• _Data block_:
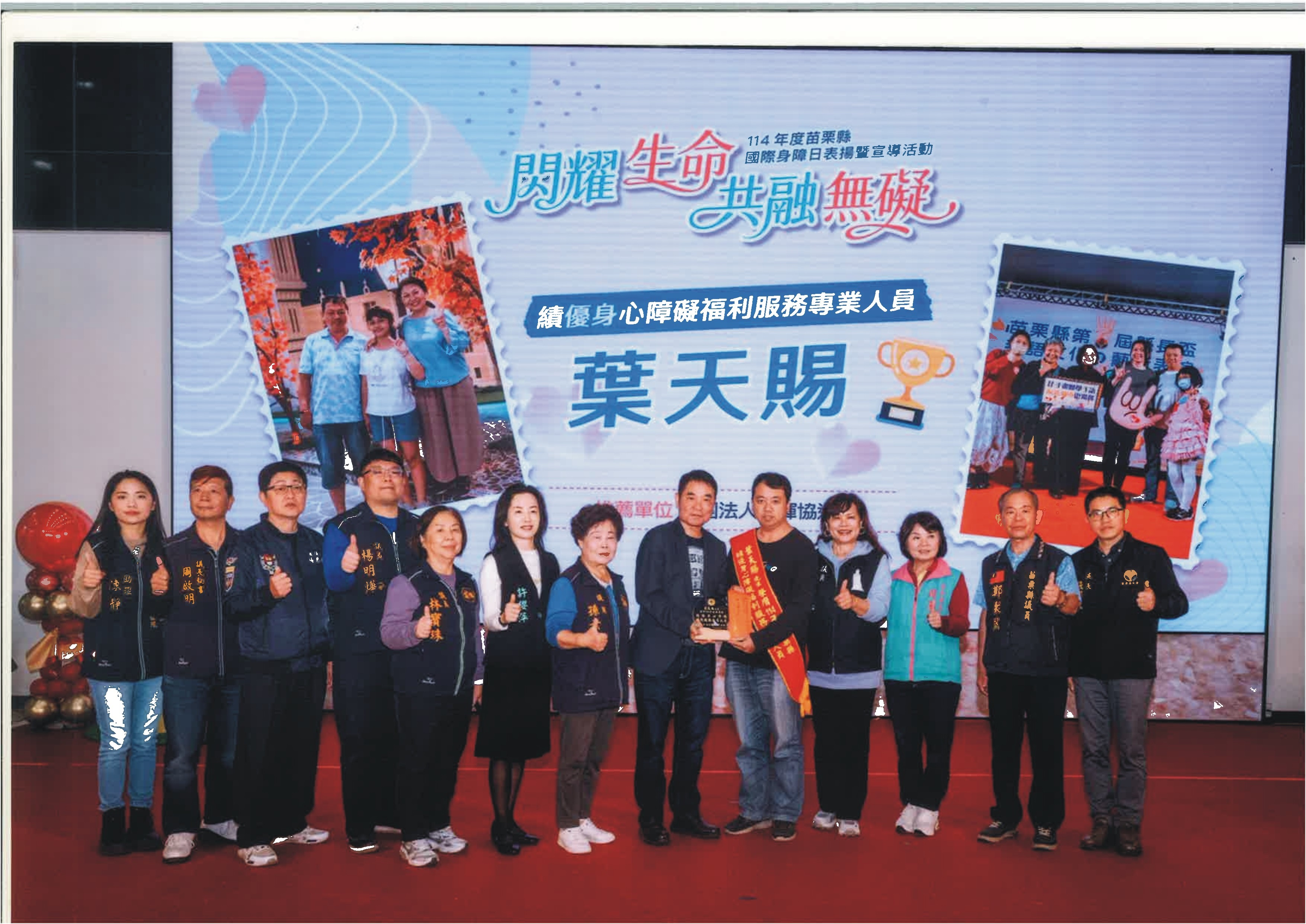 在國際身心障礙者日表揚活動中,苗栗聲暉不僅獲得「社團考評甲等」的肯定,更見證了多位生命榜樣站上舞臺——
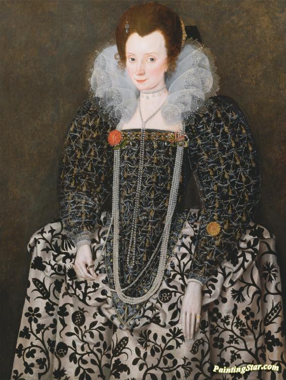 Portrait Of A Woman(traditionally Identified As Mary Clopton Born Waldegrave, Of Kentwell Hall, Suffolk), Art Painting by Robert Peake the elder
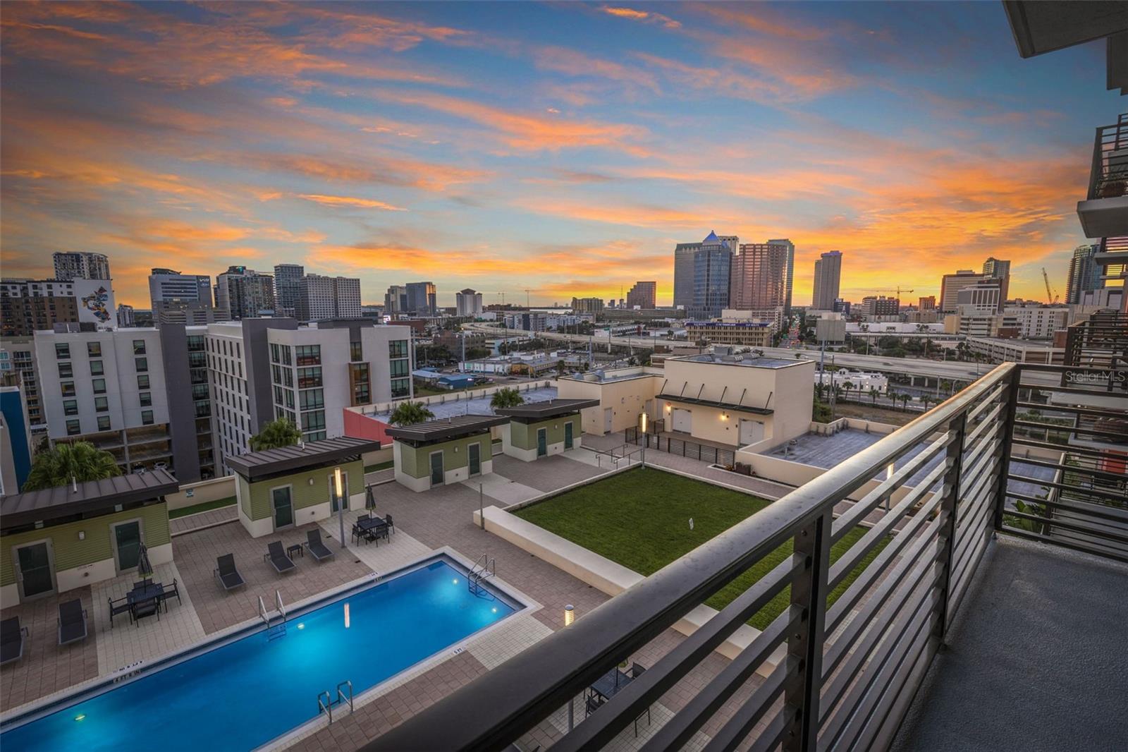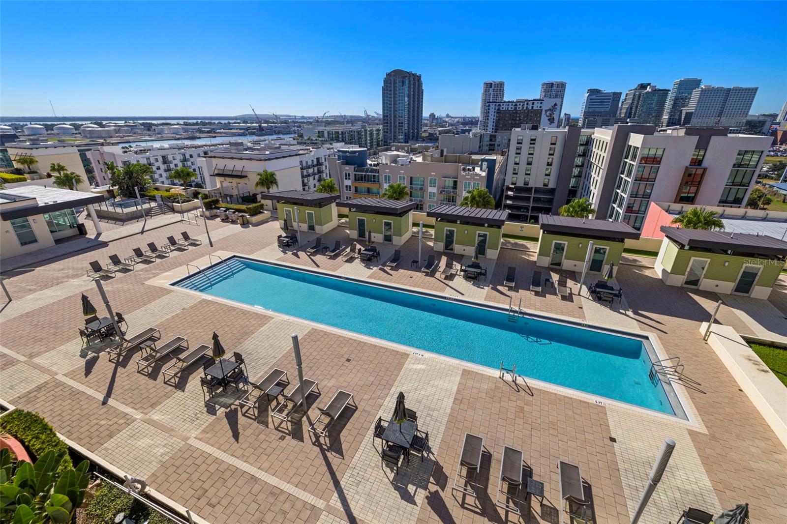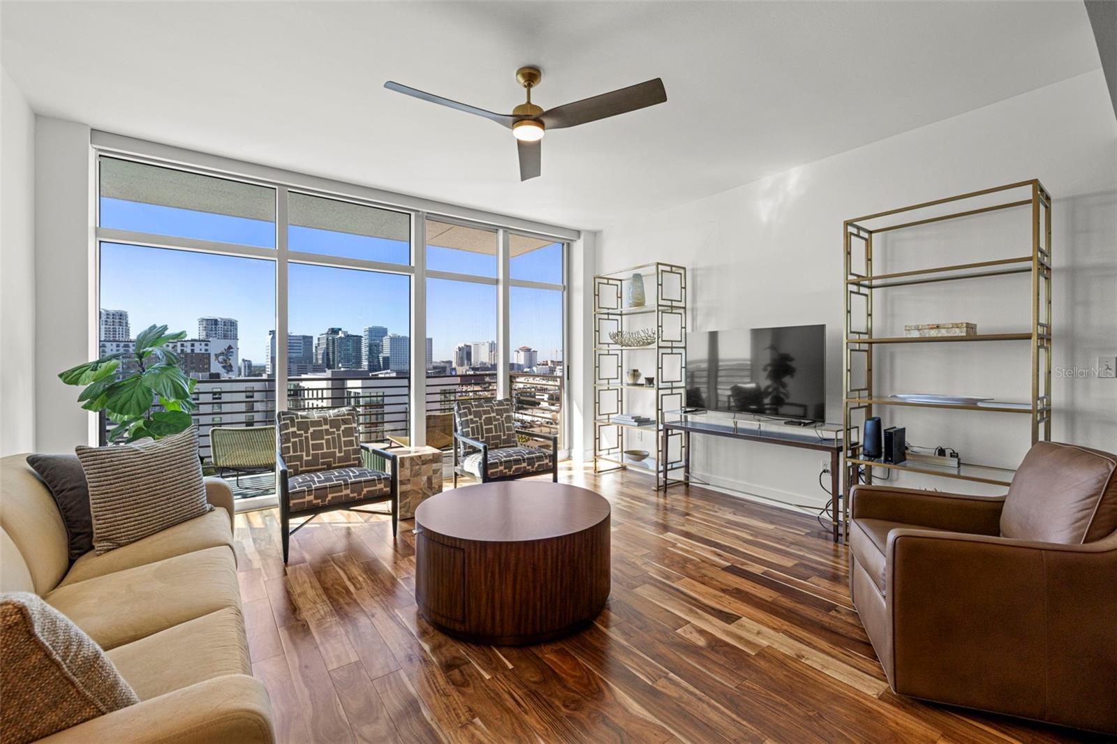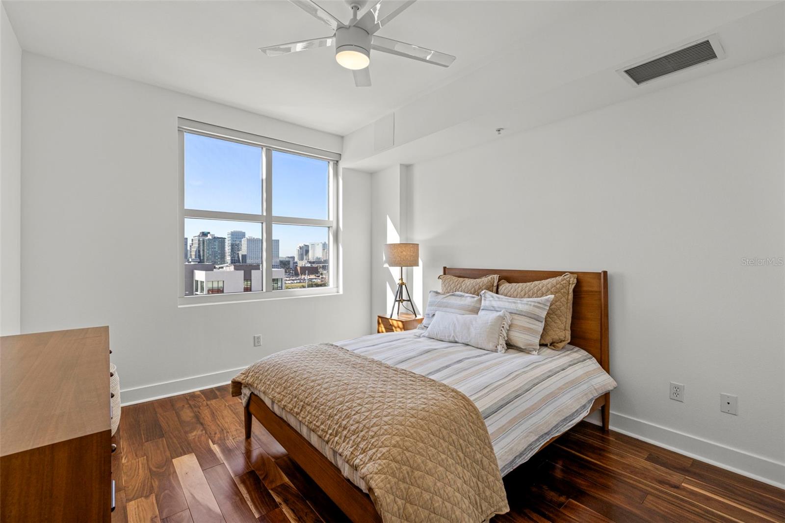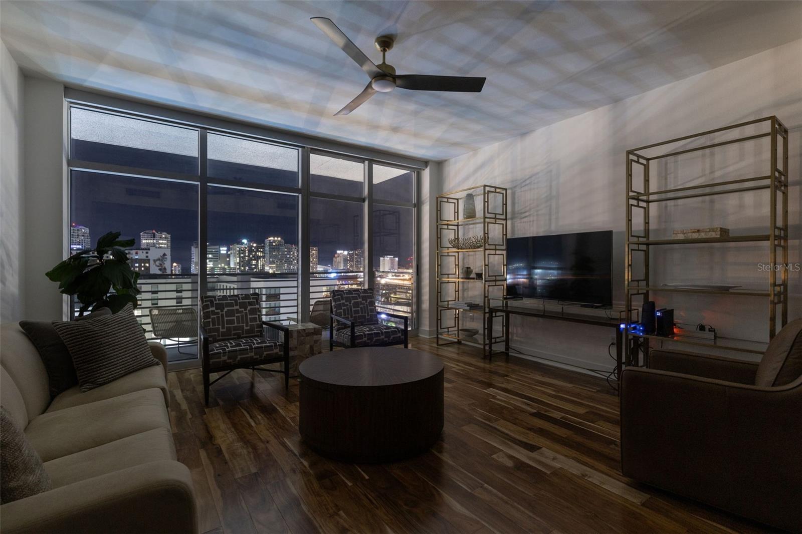 Experience breathtaking city and water views from this modern 2-bedroom, 2-bath residence on the 12th floor in Grand Central at Kennedy. The open-concept layout features a chef-inspired kitchen with Viking appliances, new kitchen pendant lighting, and ample cabinet and counter space that flow seamlessly into the dining and living areas. The Floor-to-ceiling windows fill the home with natural light, and the primary bedroom boasts a full wall of glass showcasing stunning skyline views. Recent owner upgrades include custom California-style closets, electric blackout roller shades, a built-in dresser and shelving, new ceiling fan in the living room, updated kitchen pendant lighting, and fresh interior paint throughout. Residents enjoy resort-style amenities with two rooftop pools, fitness center, clubhouse, outdoor grills, and spa. This unit also includes two side-by-side assigned parking spaces 662 & 663, and an oversized storage locker located in a climate-controlled room. Step outside to vibrant Channelside—just moments from Water Street, Sparkman Wharf, and Tampa’s top dining and entertainment. This unit shows like a model, so schedule your showing before its’ too late!

• _What you should do_: Type the listing above out again exactly, and omit all pictures.

• _Response to this task_:
 在國際身心障礙者日表揚活動中,苗栗聲暉不僅獲得「社團考評甲等」的肯定,更見證了多位生命榜樣站上舞臺——
 Portrait Of A Woman(traditionally Identified As Mary Clopton Born Waldegrave, Of Kentwell Hall, Suffolk), Art Painting by Robert Peake the elder
 Experience breathtaking city and water views from this modern 2-bedroom, 2-bath residence on the 12th floor in Grand Central at Kennedy. The open-concept layout features a chef-inspired kitchen with Viking appliances, new kitchen pendant lighting, and ample cabinet and counter space that flow seamlessly into the dining and living areas. The Floor-to-ceiling windows fill the home with natural light, and the primary bedroom boasts a full wall of glass showcasing stunning skyline views. Recent owner upgrades include custom California-style closets, electric blackout roller shades, a built-in dresser and shelving, new ceiling fan in the living room, updated kitchen pendant lighting, and fresh interior paint throughout. Residents enjoy resort-style amenities with two rooftop pools, fitness center, clubhouse, outdoor grills, and spa. This unit also includes two side-by-side assigned parking spaces 662 & 663, and an oversized storage locker located in a climate-controlled room. Step outside to vibrant Channelside—just moments from Water Street, Sparkman Wharf, and Tampa’s top dining and entertainment. This unit shows like a model, so schedule your showing before its’ too late!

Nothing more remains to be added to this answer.